Guide de l'interrogation orale
LES PNEUMATIQUES
Vérifications techniques :
Le candidat doit savoir contrôler sur les pneumatiques que les sculptures sont apparentes. Il doit savoir indiquer l'emplacement d'un témoin d'usure en s'aidant des repères sur le flanc (mention " TWI ", etc.).
Il doit savoir vérifier également le bon état des flancs extérieurs (ni hernie, ni déchirure), indiquer chaque valve de gonflage et contrôler visuellement qu'il n'y a pas d'anomalie au niveau du gonflage des pneumatiques.
Enfin il doit pouvoir s'assurer de la présence de la roue de secours (ou de la bombe anticrevaison) à son emplacement, ainsi que de celle du lot de bord (clé de roue, cric).
Interrogation orale :
Utilité d'avoir des pneumatiques en bon état
> la tenue de route (complémentarité avec la suspension)
Les pneumatiques assurent la liaison entre la voiture et la route. Ils transmettent les accélérations, les freinages, et les modifications de trajectoire (efforts latéraux sur la structure). Ils comportent des sculptures sur la bande de roulement, afin d'obtenir une bonne adhérence notamment sur route mouillée (évacuation de l'eau).
Les suspensions sont composées, en général, d'un ressort et d'un amortisseur et leur rôle est de maintenir les pneumatiques en contact avec le sol.

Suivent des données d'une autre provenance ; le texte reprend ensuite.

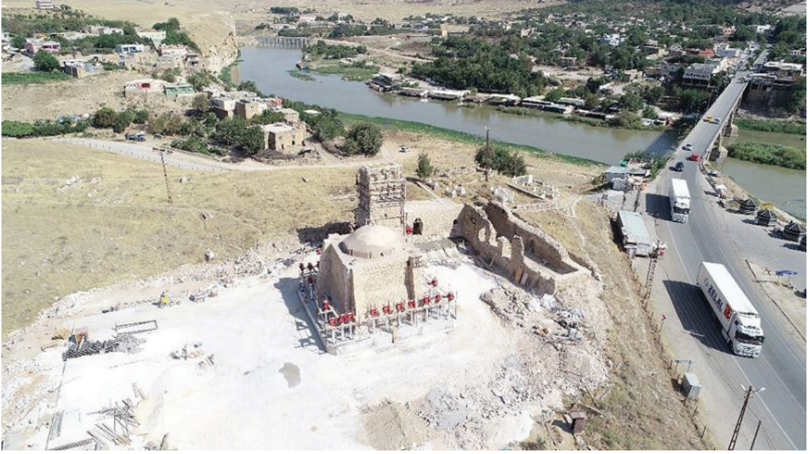
Resim 1: İmam Abdullah Camii ve Zaviyesi'nin taşıma işleminden önceki konumu.

Une usure importante de la bande de roulement ou anormale du pneumatique (en raison d'un défaut de parallélisme par exemple) et/ou un mauvais état des suspensions entraînent une dégradation de la tenue de route (risque de perdre le contrôle de la voiture) et du freinage (distance d'arrêt plus longue).
> les risques d'échauffement et d'éclatement
Un pneumatique présentant une déchirure ou une hernie sur le flanc et/ou mal gonflé, présente des risques importants d'échauffement, qui peut entraîner son éclatement. Dans cette situation, le conducteur ne peut plus diriger son véhicule.
> l'aquaplanage
Les sculptures des pneumatiques servent à évacuer l'eau quand on circule sur une chaussée mouillée. Elles doivent être apparentes. La réglementation impose une profondeur minimale des rainures de 1,6 millimètre.

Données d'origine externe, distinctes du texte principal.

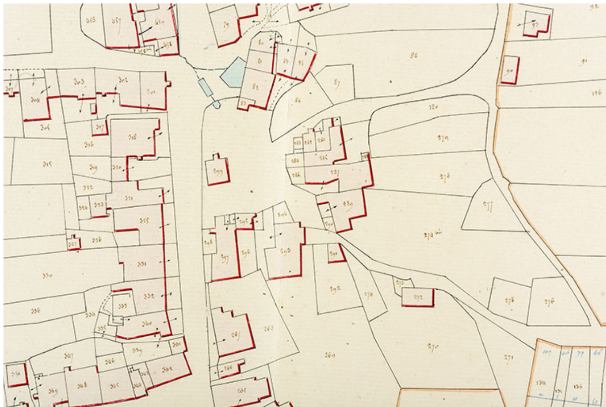
Cadastré de la commune de Montécheroux. Atlas parcellaire, 1830, section D en une feuille [détail : quartier de la mairie], 1/1 250. 25, Montécheroux

A vitesse élevée, avec des sculptures usées et sur chaussée très détrempée, une pellicule d'eau peut se former entre la route et les pneumatiques, qui perdent alors toute adhérence. Il n'est plus possible, dans ces conditions, de conserver une action efficace sur la direction.

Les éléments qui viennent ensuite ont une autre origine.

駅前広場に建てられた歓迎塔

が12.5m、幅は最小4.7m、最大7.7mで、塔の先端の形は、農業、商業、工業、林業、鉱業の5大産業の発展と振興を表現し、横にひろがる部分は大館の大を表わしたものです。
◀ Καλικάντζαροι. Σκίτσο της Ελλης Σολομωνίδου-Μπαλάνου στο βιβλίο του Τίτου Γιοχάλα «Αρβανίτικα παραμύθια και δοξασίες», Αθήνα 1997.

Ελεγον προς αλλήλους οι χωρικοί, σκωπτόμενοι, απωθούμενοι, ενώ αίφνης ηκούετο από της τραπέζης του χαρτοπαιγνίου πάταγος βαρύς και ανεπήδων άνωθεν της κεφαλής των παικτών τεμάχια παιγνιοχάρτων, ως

> la consommation de carburant
Si les pneumatiques ne sont pas assez gonflés, ou s'ils n'ont pas la même pression sur un même essieu, ils offrent une plus grande résistance à l'avancement, d'où une plus grande consommation. Il est important, par ailleurs, de vérifier périodiquement le gonflage de la roue de secours.
> la pression à froid ou à chaud
La pression des pneumatiques se mesure avec un manomètre de façon périodique Cette vérification s'effectue à froid. La notice du constructeur indique deux pressions : l'une pour des conditions normales d'utilisation, l'autre supérieure de 200 à 300 grammes, pour circuler avec le véhicule chargé ou sur autoroute.
Changement d'une roue
> les précautions à prendre
Il faut essayer de dégager au maximum la voiture de la chaussée et allumer le signal de détresse. Le choix de l'emplacement doit être guidé par la recherche d'un sol stable et plat. Le conducteur doit rester vigilant par rapport aux autres véhicules pouvant circuler sur la chaussée.
> l'ordre des opérations à réaliser
Immobiliser la voiture (frein à main serré, 1ère vitesse enclenchée).
Sortir la notice du constructeur (éventuellement), la roue de secours, le cric et la manivelle.
Retirer l'enjoliveur et débloquer les écrous de roues avec la manivelle.
Placer le cric à l'emplacement prévu (notice).
Lever la voiture.
Enlever les écrous de roues.
Dégager la roue.
Placer la roue de secours et revisser les écrous de roues.
Descendre le cric.
Bloquer les écrous de roues à la manivelle et remettre en place l'enjoliveur.
Faire réparer la roue, de manière à la remettre en place rapidement (conserver sur un même essieu des pneumatiques ayant le même niveau d'usure).